So, honourable members, lets take a brief look at what these needs are: As you know, more than twelve million of our people have no formal supply of water. As population grows, this claim to water resources also increases. This bill is drawn up with the vision that one day all people of South Africa will be served with water. This is not just a Kader Asmal vision, it is enshrined in our constitution as you will hear later from my legal adviser, Ms Stein. The Reconstruction and Development Programme also guarantees water for basic human requirements. This Bill, Madame chairperson, responds to this requirement by ensuring that the requirements for basic human needs are reserved and not subject to authorisation. Without this provision our constitution as well as our Reconstruction and Development promise would be hollow.

Our constitution also enshrines protection of the environment in order to promote justifiable social and economic development. If the environment is totally destroyed in the wake of our development, that development is doomed to eventual collapse due to limiting natural resources. So this constitutional provision is based on knowledge that the environment represents some kind of insurance to humankind.

This Bill meets this requirement by protecting the water that is vital to meeting environmental needs as part of the reserve.

Further, the Bill prioritises those who were previously disadvantaged in the allocation process. This is to ensure that they are not disadvantaged even further by not recognising their plight. Now it is important to keep in mind that whatever proposals that are made take into account what I call the facts on the ground. In this case the fact on the ground is that there are relatively few such cases of disadvantaged people who will require this kind of assistance. If their number was expected to be in millions, even thousands, we would have found another measure that would be more appropriate. At the same time the Bill recognises that in the process of rectifying the ills of our past certain people may be negatively affected. Therefore a provision for compensation for those people that become so affected that their livelihoods are threatened, is made. You will hear more about the allocation process from Mr Audie, one of the members of the drafting team and former Deputy Director General in the department, a little later.

Another important feature of the Bill is that local water users will play a direct role in water resource management through Catchment Management Agencies. This is clear democratisation of managing the water resources in this country at work. It is a deliberate move away from centralised water resources management. This is in keeping with the need to trim the civil service and to ensure that accountability rests with the users themselves. Because by its very nature, management of water resources will always produce disputes, the Bill also provides for dispute resolution mechanisms which did not exist previously, save for a water court which by anybody's imagination could not be a dispute resolution mechanism. You will hear more about how the Bill responds to the need for rationalised institutional arrangements from the Director General, Mr Muller.
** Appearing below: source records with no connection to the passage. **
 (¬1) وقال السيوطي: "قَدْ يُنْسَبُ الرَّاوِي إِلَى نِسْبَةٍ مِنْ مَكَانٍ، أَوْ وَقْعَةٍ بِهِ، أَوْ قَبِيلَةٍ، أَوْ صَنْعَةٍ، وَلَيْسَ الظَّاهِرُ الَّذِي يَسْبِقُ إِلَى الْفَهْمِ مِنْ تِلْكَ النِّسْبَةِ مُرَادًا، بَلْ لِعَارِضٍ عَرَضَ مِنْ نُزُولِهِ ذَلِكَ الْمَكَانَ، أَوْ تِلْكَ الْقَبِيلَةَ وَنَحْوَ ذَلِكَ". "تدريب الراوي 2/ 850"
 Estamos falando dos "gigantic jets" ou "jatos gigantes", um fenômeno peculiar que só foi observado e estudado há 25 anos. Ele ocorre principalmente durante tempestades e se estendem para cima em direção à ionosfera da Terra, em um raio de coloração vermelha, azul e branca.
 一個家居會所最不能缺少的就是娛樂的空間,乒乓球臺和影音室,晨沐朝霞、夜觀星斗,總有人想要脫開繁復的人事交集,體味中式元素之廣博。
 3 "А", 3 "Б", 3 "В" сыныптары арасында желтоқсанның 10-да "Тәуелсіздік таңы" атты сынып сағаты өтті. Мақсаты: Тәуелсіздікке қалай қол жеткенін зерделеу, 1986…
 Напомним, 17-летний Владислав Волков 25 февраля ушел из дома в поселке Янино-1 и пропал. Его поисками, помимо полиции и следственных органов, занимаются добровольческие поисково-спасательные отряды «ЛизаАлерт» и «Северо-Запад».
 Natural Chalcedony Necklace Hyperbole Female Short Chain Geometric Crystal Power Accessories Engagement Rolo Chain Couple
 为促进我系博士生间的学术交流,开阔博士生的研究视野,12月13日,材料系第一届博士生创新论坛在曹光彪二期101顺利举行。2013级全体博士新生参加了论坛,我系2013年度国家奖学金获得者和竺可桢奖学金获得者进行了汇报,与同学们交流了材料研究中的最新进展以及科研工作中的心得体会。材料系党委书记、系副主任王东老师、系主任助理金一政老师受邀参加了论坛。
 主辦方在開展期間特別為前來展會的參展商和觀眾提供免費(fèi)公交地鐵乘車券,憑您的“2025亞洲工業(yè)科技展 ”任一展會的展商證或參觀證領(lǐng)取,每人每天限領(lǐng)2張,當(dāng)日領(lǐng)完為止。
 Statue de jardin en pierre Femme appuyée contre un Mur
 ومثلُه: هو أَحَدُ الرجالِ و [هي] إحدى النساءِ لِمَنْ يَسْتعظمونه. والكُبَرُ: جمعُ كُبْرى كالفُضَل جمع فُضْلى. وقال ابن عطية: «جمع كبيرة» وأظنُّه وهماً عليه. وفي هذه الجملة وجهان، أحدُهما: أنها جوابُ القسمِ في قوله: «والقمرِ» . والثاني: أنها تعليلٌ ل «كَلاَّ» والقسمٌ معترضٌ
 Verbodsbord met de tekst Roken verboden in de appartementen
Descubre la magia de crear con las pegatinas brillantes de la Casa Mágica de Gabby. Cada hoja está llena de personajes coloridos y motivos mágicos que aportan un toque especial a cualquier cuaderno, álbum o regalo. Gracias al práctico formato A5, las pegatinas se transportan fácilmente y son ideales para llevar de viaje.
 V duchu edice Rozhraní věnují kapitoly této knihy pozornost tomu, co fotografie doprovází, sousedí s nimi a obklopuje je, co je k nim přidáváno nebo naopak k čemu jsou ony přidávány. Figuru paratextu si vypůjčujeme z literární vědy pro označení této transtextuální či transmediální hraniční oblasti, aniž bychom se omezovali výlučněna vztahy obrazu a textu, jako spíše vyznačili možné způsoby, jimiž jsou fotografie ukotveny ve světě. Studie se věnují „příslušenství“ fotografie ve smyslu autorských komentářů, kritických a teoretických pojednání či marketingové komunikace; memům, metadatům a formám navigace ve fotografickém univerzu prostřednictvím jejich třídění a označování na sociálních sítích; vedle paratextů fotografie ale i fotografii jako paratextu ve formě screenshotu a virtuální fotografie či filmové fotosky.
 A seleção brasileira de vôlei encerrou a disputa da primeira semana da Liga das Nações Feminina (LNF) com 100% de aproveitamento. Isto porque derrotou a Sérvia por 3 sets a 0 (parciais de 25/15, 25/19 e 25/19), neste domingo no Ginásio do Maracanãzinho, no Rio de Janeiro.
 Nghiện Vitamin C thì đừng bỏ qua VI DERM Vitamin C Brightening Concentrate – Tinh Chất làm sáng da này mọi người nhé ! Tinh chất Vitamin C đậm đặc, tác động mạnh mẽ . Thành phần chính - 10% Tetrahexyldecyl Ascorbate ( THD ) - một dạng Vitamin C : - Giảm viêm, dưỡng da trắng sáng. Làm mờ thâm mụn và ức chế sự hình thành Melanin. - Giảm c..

Honourable members, democracy demands that people play a more direct role in activities that affect their lives. The legacy that I have inherited in my department is somewhat not compatible with this requirement. As a Minister I have inherited far reaching powers to regulate how people should relate to water resources. I do not wish to indulge myself with these powers. Even if I were an engineer, which I am not, I would not be that kind of social engineer. I am therefore giving up the powers that I currently have in the Water Act of 1956.

This bill, of course, will also determine that no Minister in future has such vast powers. As you will hear from Judge Gildenhuys, most powers will be devolved to catchment management agencies.

The devolution of power to local structures is accompanied by an obligation which we place on ourselves as government, to ensure that information regarding Water resources Management is accessible. This is done in anticipation of the Open Democracy Bill. You will hear later from Mr Kavin, who has been involved in all areas of the Bill, how this obligation will be met.

Madame Chairperson, our greatest challenge as government is to improve economic growth in our country through, among others, efficient use of resources, job creation, and any other activity that is beneficial to these broader objectives of our country. Any legislation that is introduced by government therefore should be adding value to these objectives. As a Minister, I had to be conscious at all times during the drafting of this Bill of the need to promote social and economic development. A thread running through all the aspects of this Bill is the promotion of efficiency in water use, promotion of economic development and promotion of social development in an equitable manner.

The Bill is about economic development. It is about ensuring that the needs of our economy are not undermined but proactively promoted. We all know the role played by water resources in the economy of this country. It is not enough just to provide water for basic human needs, people have to live beyond just surviving. So, just as water is limiting to life so it is limiting also to economic development. I can assure you I could not be party to legislation that does not seek to maximise the potential of water use for the prosperity of this country. It is for that reason that you will find many references to beneficial use right through this Bill.

To ensure that we as a country extract maximum value from our use of water, it is necessary to have a system that can respond, with flexibility and certainty, to changes in socio-economic circumstances and market conditions. It is no good having a situation, as in the past, where water rights become the imprisoned birthright of particular persons almost by accident - because they own land next to a river -and remain unused because the owner lacks either the capacity or inclination to put his or her water rights to work.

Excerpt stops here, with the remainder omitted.